Parallelamente, Borso d’Este, alla testa di un lunghissimo corteo, uscì dal castello passando dalla Porta del leone. Il corteo estense, formato da centinaia di notabili a cavallo, percorse la contrada del Borgonovo, toccò la loggia dei callegari e giunse sulla piazza; qui i dignitari al seguito di Borso, sventolando ciascuno un vessillo bianco simbolo di letizia, sfilarono in mezzo ad una folla festante che gridava “Duca, Duca!”. Borso vestiva un abito di panno d’oro, con una ricca collana, due pietre preziose sul copricapo ed una terza sulla spalla sinistra.

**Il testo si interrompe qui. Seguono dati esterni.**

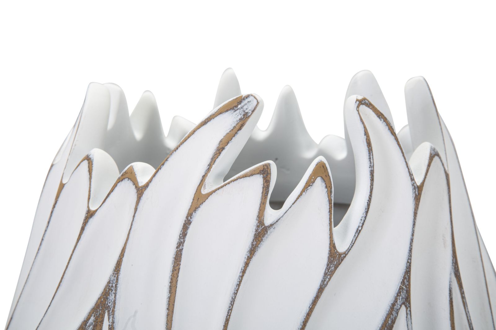 Confrontadescrizione : BOHO CHICHPOLYRESINWHITE WASHVASO OVALE CON DECORAZIONI ONDULATE IN RILIEVO.
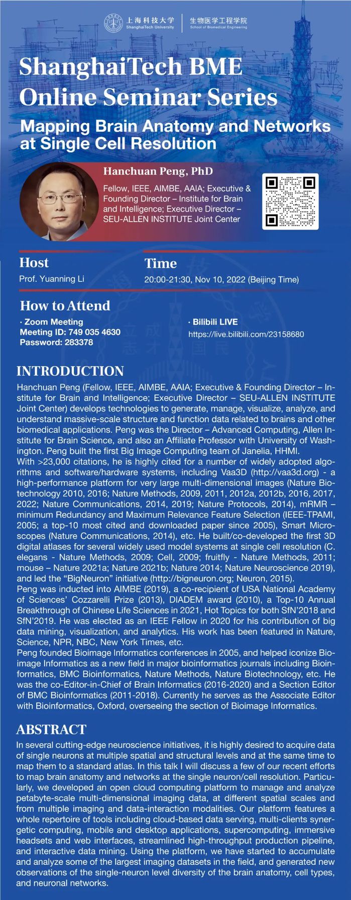 Speaker: Dr. PENG Hanchuan, Fellow, IEEE, AIMBE, AAIA; Executive & Founding Director, Institute for Brain and Intelligence (BrainTell), Southeast University (SEU); Executive Director, SEU - Allen Institute Joint Center

Nella processione egli era preceduto da tre dignitari: Francesco Forzati portava lo stendardo verde della contea di Rovigo, nel quale le armi dell’Impero erano associate a quelle estensi; il nobile modenese Venceslao Rangoni, nominato cavaliere al termine della cerimonia, recava lo stendardo dei feudi di Modena e Reggio, anch’esso verde, con le insegne estensi; Pietro Marocelli portava invece uno stendardo rosso, simbolo presumibilmente del potere imperiale; infine, Cristino Francesco Bevilacqua precedeva Borso d’Este con la spada.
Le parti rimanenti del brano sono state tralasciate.